EXERCISE INSTRUCTIONS: Make a verbatim copy of the entries below; pictures stay out.
+++
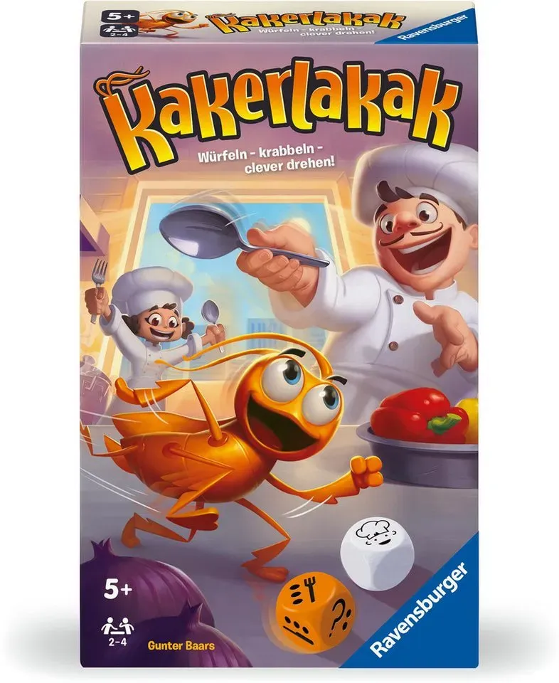 Ravensburger - EAN: 04005556224463 - Hungrig flitzt die Kakerlake durch die Küche. Mit etwas Würfelglück und einem cleveren Dreh am Besteck gelangt sie schnell zu den Leckereien. Doch sobald der Koch erscheint, ist es sofort vorbei! Mit einfacher Einstiegs- und rasanter Actionregel. Hungrig flitzt die Kakerlake kreuz und quer durch die Küche und sucht nach Leckereien. Wenn nur nicht das Besteck herumliegen würde dauernd muss sie es aus dem Weg räumen, um ans Ziel zu kommen. Plötzlich taucht der Koch auf jetzt aber nichts wie weg! Wer sammelt zuerst die vier Leckereien seiner Speisekarte und krabbelt danach wieder zurück in sein Versteck? Die Kakerlaken sind los: Das Mitbringspiel des beliebten Spieleklassikers für Kinder und Erwachsene. Die mitspielenden Personen drehen clever das Besteck und versuchen die Kakerlake in die Falle zu locken Super einfache Spielregeln und ein schneller Spielaufbau sorgen dafür, dass gleich losgespielt werden kann. Die kurze Spieldauer von 15-20 Minuten machen dieses Familienspiel zu einem kurzweiligen Zeitvertreib Bereits mehr als 4 Millionen verkaufte Spiele weltweit und zahlreich gewonnene Preise machen die Kakerlakak-Spiele zu einer der erfolgreichsten Kinderspiel-Reihen in Deutschland Ein Muss für jedes Kinderzimmer und ein super Geschenk zum Geburtstag oder zu Weihnachten Die Mitbringspiele von Ravensburger sind speziell auf die verschiedenen Altersgruppen abgestimmt und überzeugen durch eine hochwertige Qualität. Das kompakte Format ... Für nur 6.11 Euro erhalten Sie hier ein Ravensburger Kakerlakak Kinderspiel, Made in Europe. ![]() ![]() Ravensburger Spiel Kakerlakak, Kinderspiel, Made in Europe bunt
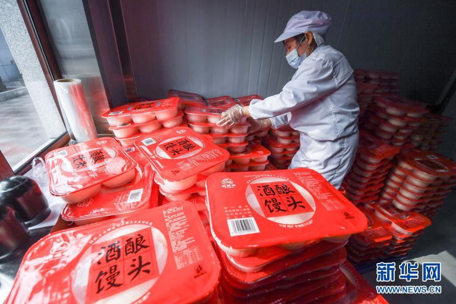 2月3日,仁智村馒头产业园的生产车间内,工人在码放包装好的酒酿馒头。
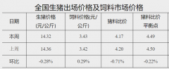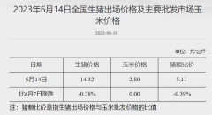 据国家发改委数据,截至6月14日,全国生猪出场价格为14.32元/公斤,较6月7日下跌0.28%;主要批发市场玉米价格为2.8元/公斤,较6月7日持平;猪粮比价为5.11,较6月7日下跌0.39%。 (文章来...
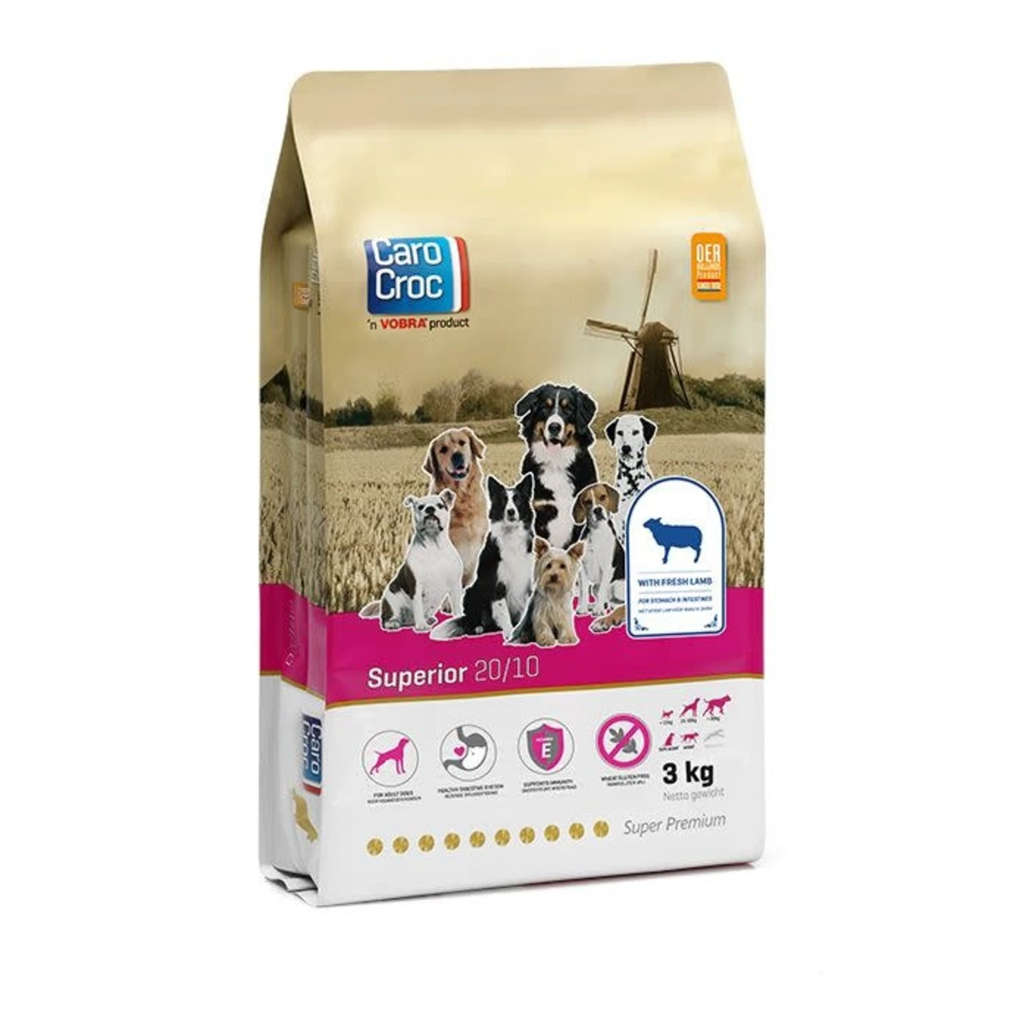 CaroCroc Superior bevat uitsluitend lam als dierlijke eiwitbron, rijst en maïs als koolhydraatbron en is tarwe (gluten) vrij. Dit product is geschikt voor honden met een voedingsallergie. CaroCroc Superior is bovendien licht verteerbaar en bevat alle voedingsstoffen die je hond nodig heeft. Â
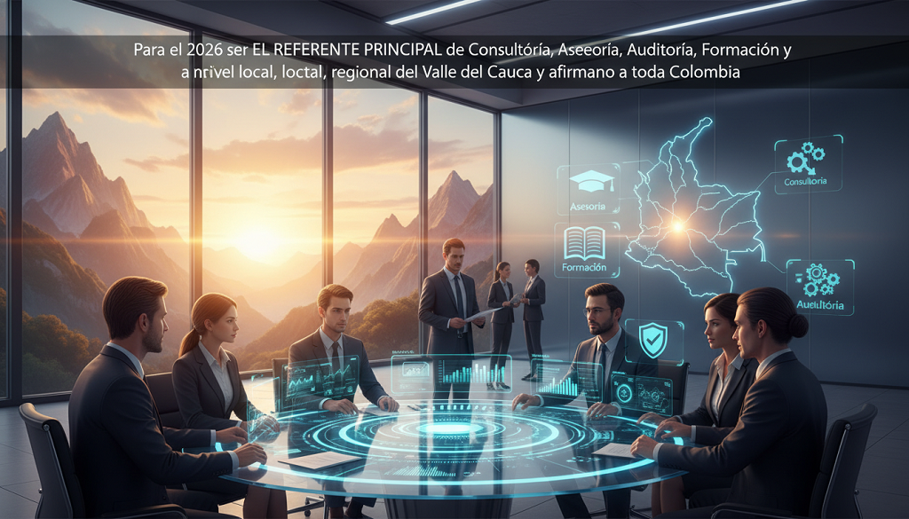 Para el 2026 ser EL REFERENTE PRINCIPAL de Consultoría, Asesoría, Auditoría, Formación y Toma de Decisiones Asertivas a nivel local, regional del Valle del Cauca y afirmando a toda Colombia.
+++
RESULT FOR THIS EXERCISE:
 Ravensburger - EAN: 04005556224463 - Hungrig flitzt die Kakerlake durch die Küche. Mit etwas Würfelglück und einem cleveren Dreh am Besteck gelangt sie schnell zu den Leckereien. Doch sobald der Koch erscheint, ist es sofort vorbei! Mit einfacher Einstiegs- und rasanter Actionregel. Hungrig flitzt die Kakerlake kreuz und quer durch die Küche und sucht nach Leckereien. Wenn nur nicht das Besteck herumliegen würde dauernd muss sie es aus dem Weg räumen, um ans Ziel zu kommen. Plötzlich taucht der Koch auf jetzt aber nichts wie weg! Wer sammelt zuerst die vier Leckereien seiner Speisekarte und krabbelt danach wieder zurück in sein Versteck? Die Kakerlaken sind los: Das Mitbringspiel des beliebten Spieleklassikers für Kinder und Erwachsene. Die mitspielenden Personen drehen clever das Besteck und versuchen die Kakerlake in die Falle zu locken Super einfache Spielregeln und ein schneller Spielaufbau sorgen dafür, dass gleich losgespielt werden kann. Die kurze Spieldauer von 15-20 Minuten machen dieses Familienspiel zu einem kurzweiligen Zeitvertreib Bereits mehr als 4 Millionen verkaufte Spiele weltweit und zahlreich gewonnene Preise machen die Kakerlakak-Spiele zu einer der erfolgreichsten Kinderspiel-Reihen in Deutschland Ein Muss für jedes Kinderzimmer und ein super Geschenk zum Geburtstag oder zu Weihnachten Die Mitbringspiele von Ravensburger sind speziell auf die verschiedenen Altersgruppen abgestimmt und überzeugen durch eine hochwertige Qualität. Das kompakte Format ... Für nur 6.11 Euro erhalten Sie hier ein Ravensburger Kakerlakak Kinderspiel, Made in Europe. ![]() ![]() Ravensburger Spiel Kakerlakak, Kinderspiel, Made in Europe bunt
 2月3日,仁智村馒头产业园的生产车间内,工人在码放包装好的酒酿馒头。
 据国家发改委数据,截至6月14日,全国生猪出场价格为14.32元/公斤,较6月7日下跌0.28%;主要批发市场玉米价格为2.8元/公斤,较6月7日持平;猪粮比价为5.11,较6月7日下跌0.39%。 (文章来...
 CaroCroc Superior bevat uitsluitend lam als dierlijke eiwitbron, rijst en maïs als koolhydraatbron en is tarwe (gluten) vrij. Dit product is geschikt voor honden met een voedingsallergie. CaroCroc Superior is bovendien licht verteerbaar en bevat alle voedingsstoffen die je hond nodig heeft. Â
 Para el 2026 ser EL REFERENTE PRINCIPAL de Consultoría, Asesoría, Auditoría, Formación y Toma de Decisiones Asertivas a nivel local, regional del Valle del Cauca y afirmando a toda Colombia.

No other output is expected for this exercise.